The chairman of the committee searching for the University’s new provost and executive vice president for Academic Affairs said the group plans to solicit input from a variety of sources, including students through their Student Association representatives.
The search for the combined position began earlier this month after Executive Vice President for Academic Affairs Donald Lehman announced his retirement this summer, effective December 2010. Lehman will step down from his position in June of 2010, but will continue to serve as an adviser to University President Steven Knapp until December.
Committee chairman Forrest Maltzman, a political science professor, said student leaders will meet candidates who will vie for the position of second-in-command after Knapp.
“The committee’s plan is to get as much input from the university community (including students) as possible,” Maltzman said in an e-mail. “Typically in a search such as this, we include as part of the candidate visits to campus a meeting with students. Those who attend the campus meetings will be asked to fill out formal evaluation sheets.

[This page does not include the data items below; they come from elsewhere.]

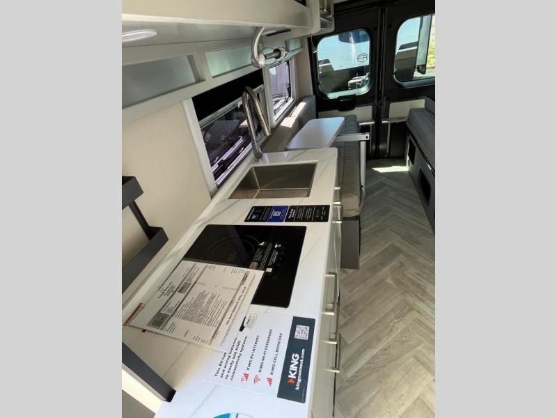 Hit the road and enjoy each journey in this Nova Class B coach. Once you park for the day, you can swivel the captain's seats around and enjoy coffee at the removable cockpit table. Lunch can be made on the induction cooktop, and the cold ingredients can go back in the 7.3 cu. ft. refrigerator. The convenient wet bath allows you to freshen up after a day exploring, and when you're ready to turn in for the night you can choose from either two 75" x 26" beds, or combine them to create a 75" x 73" bed instead. You will find ample storage in overhead cabinets along each side, beneath the bed, plus there is an extra wardrobe on the roadside as well.
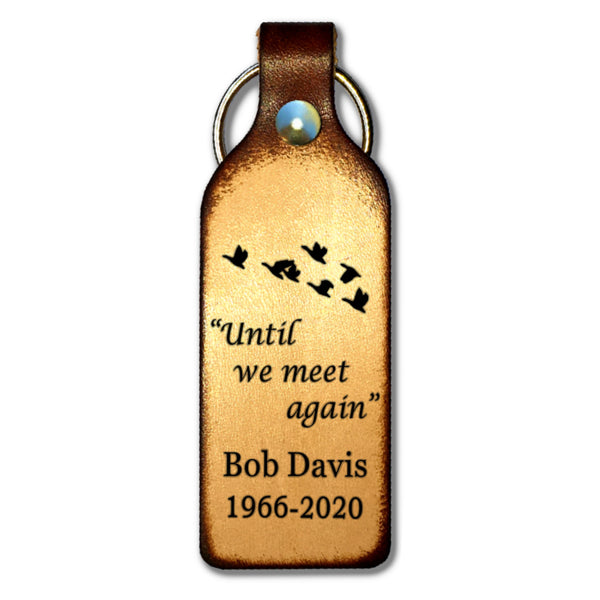 Keep your loved one close with this heartfelt saying. "Until We Meet Again" is a beautiful sentiment laser engraved into this memorial keychain. Name and dates are complimentary. makes a wonderful memorial gift.
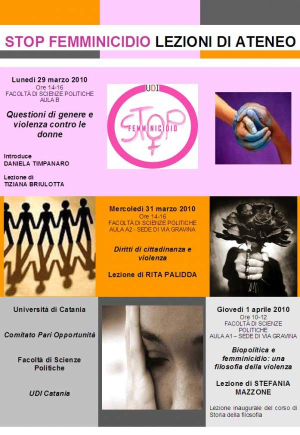 Stop femminicidio. Lezioni di Ateneo, promossa dal Comitato pari opportunità dell’Università e dall’Udi (Unione donne in Italia) di Catania.
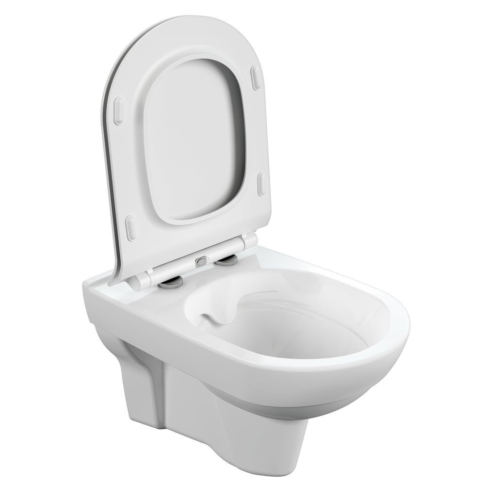 Безободковый подвесной унитаз с ультратонким, антибактериальным сиденьем с плавным закрыванием и легкосъемным механизмом
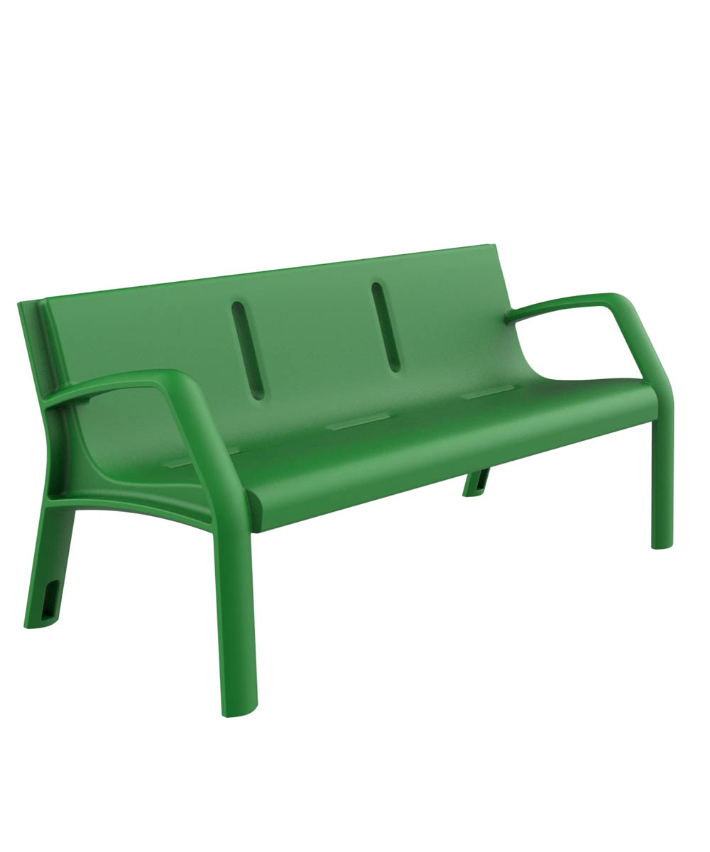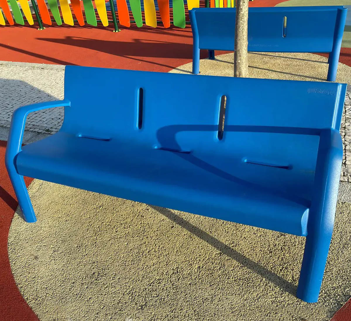 Presenta la combinación de polietileno de alta densidad (HDPE) en la totalidad del banco, siendo el mismo de una pieza.
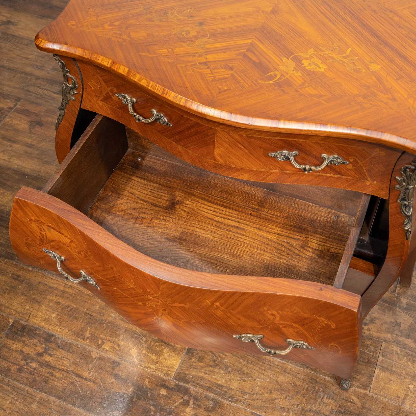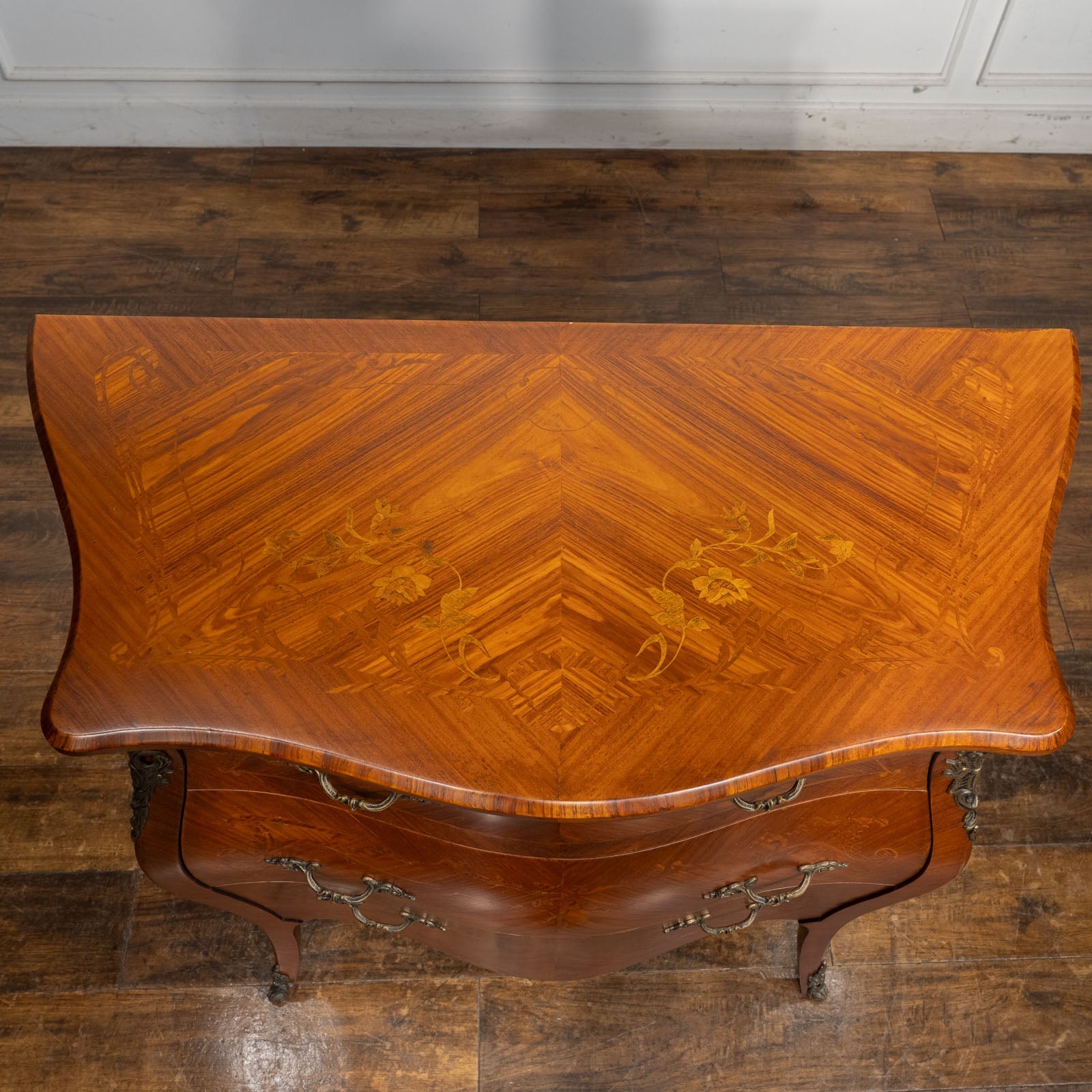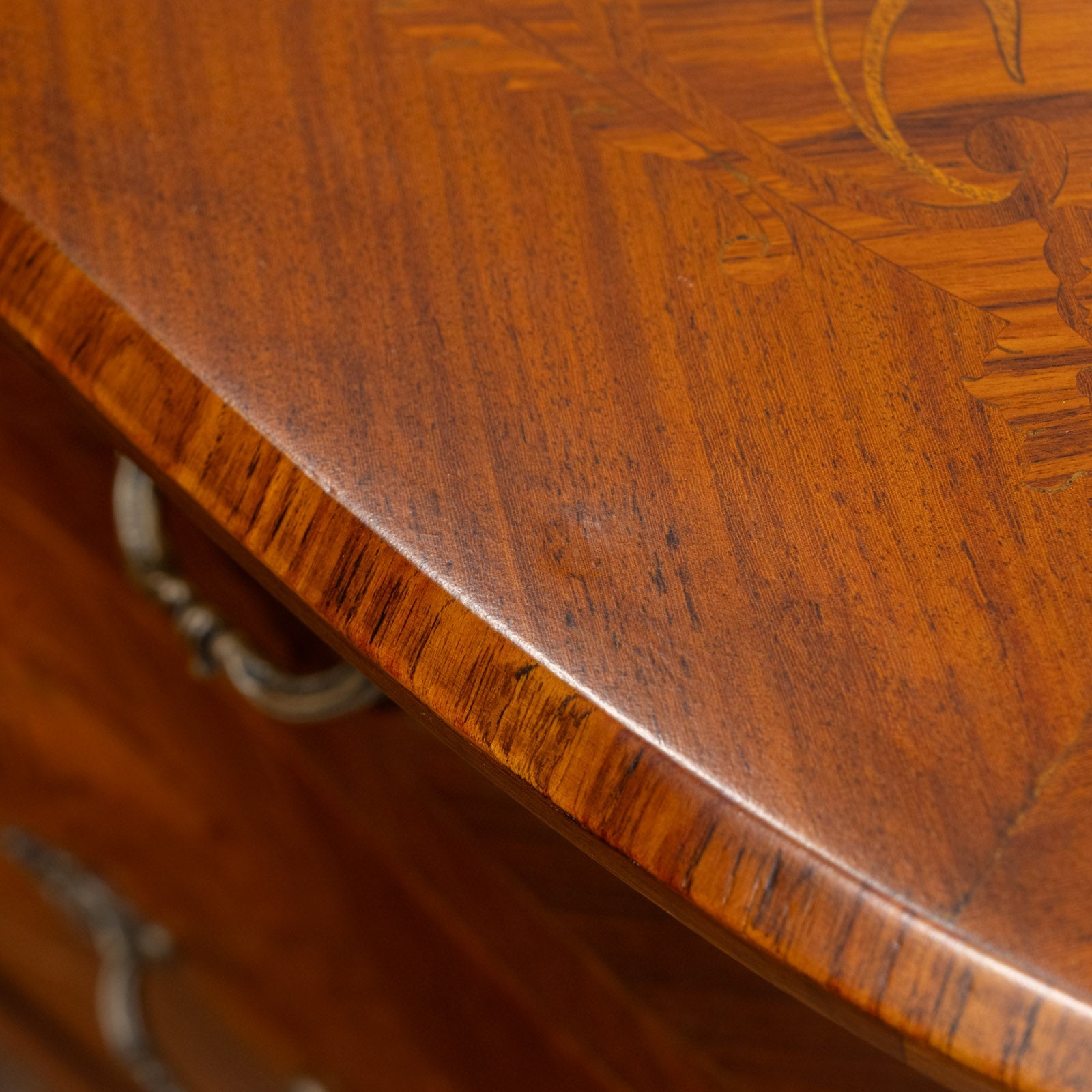 インレイ(象嵌)の美しい装飾が天板や前面、側面に至るまで施されており、高級感のある輝きと重厚感を放つ、置くだけで絵になる逸品です。

Although the details will not [be] figured out until closer to the visits (February or March), my intention is to have the student government play the leading role in organizing these meetings.”
Maltzman said the search committee will also ask students in the Academic Affairs Committee of the SA to weigh in during the search process.
The search committee will be comprised of three representatives from the Columbian College of Arts and Sciences, two each from the Elliott School of International Affairs and the School of Engineering and Applied Science, and one representative each from the University’s administration, the Faculty Senate, Board of Trustees, Gelman Library, School of Public Health and Health Sciences, School of Medicine and Health Sciences, College of Professional Studies, GW Law School, School of Business, and the Graduate School Education and Human Development, Maltzman said.